Exercise requirements — From the first line to the last, return the data exactly, with no pictures.

Dataset content —
[Start of section]

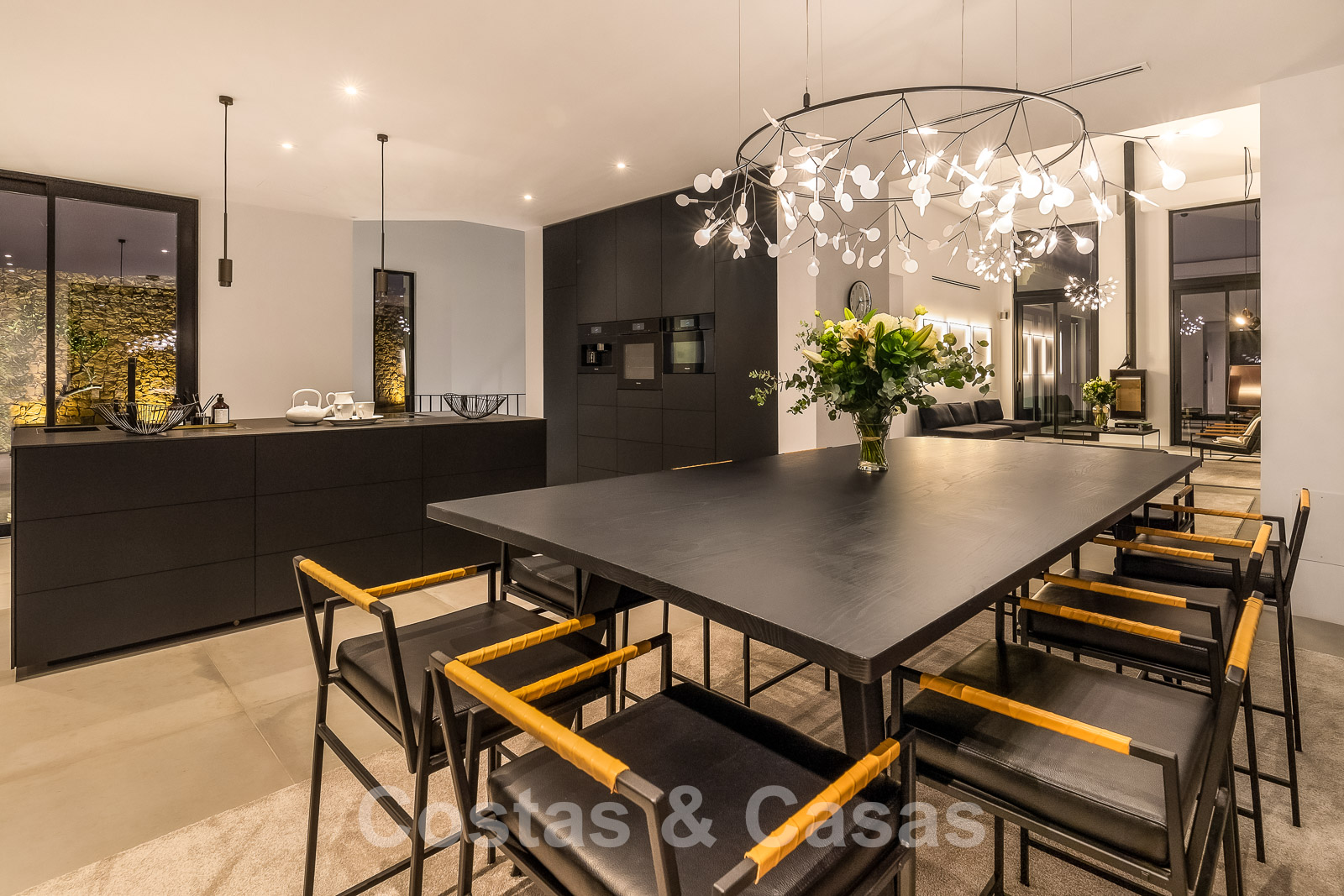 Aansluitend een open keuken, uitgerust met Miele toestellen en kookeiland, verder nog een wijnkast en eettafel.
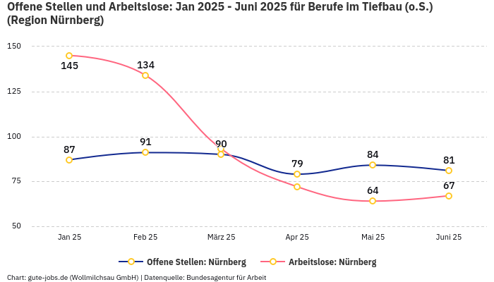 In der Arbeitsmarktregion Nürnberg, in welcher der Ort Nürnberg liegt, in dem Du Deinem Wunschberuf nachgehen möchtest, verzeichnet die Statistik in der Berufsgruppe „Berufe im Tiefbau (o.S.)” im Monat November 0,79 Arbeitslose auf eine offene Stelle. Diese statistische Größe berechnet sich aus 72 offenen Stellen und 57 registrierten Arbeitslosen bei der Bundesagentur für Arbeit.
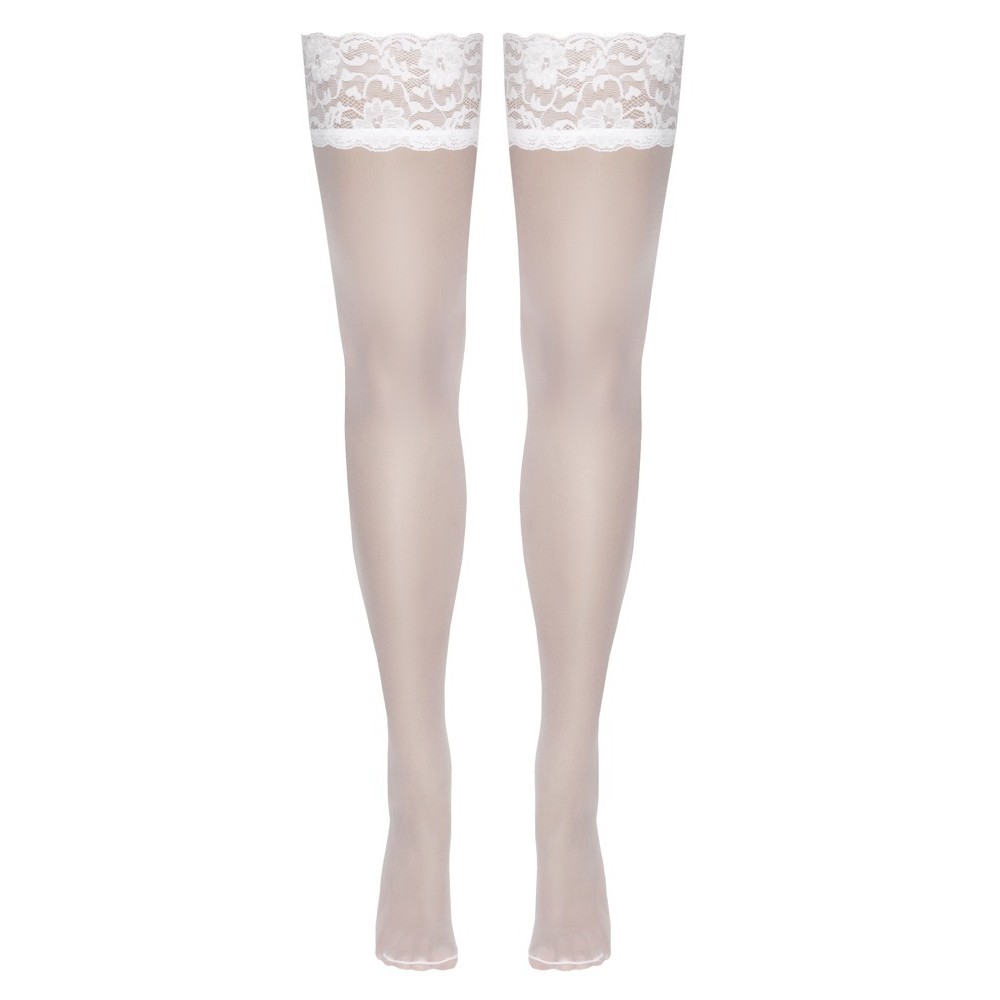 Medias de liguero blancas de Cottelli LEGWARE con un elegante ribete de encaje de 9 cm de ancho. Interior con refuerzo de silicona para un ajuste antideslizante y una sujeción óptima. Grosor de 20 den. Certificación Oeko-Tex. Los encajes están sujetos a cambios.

[End of section]

Response to this task —
 Aansluitend een open keuken, uitgerust met Miele toestellen en kookeiland, verder nog een wijnkast en eettafel.
 In der Arbeitsmarktregion Nürnberg, in welcher der Ort Nürnberg liegt, in dem Du Deinem Wunschberuf nachgehen möchtest, verzeichnet die Statistik in der Berufsgruppe „Berufe im Tiefbau (o.S.)” im Monat November 0,79 Arbeitslose auf eine offene Stelle. Diese statistische Größe berechnet sich aus 72 offenen Stellen und 57 registrierten Arbeitslosen bei der Bundesagentur für Arbeit.
 Medias de liguero blancas de Cottelli LEGWARE con un elegante ribete de encaje de 9 cm de ancho. Interior con refuerzo de silicona para un ajuste antideslizante y una sujeción óptima. Grosor de 20 den. Certificación Oeko-Tex. Los encajes están sujetos a cambios.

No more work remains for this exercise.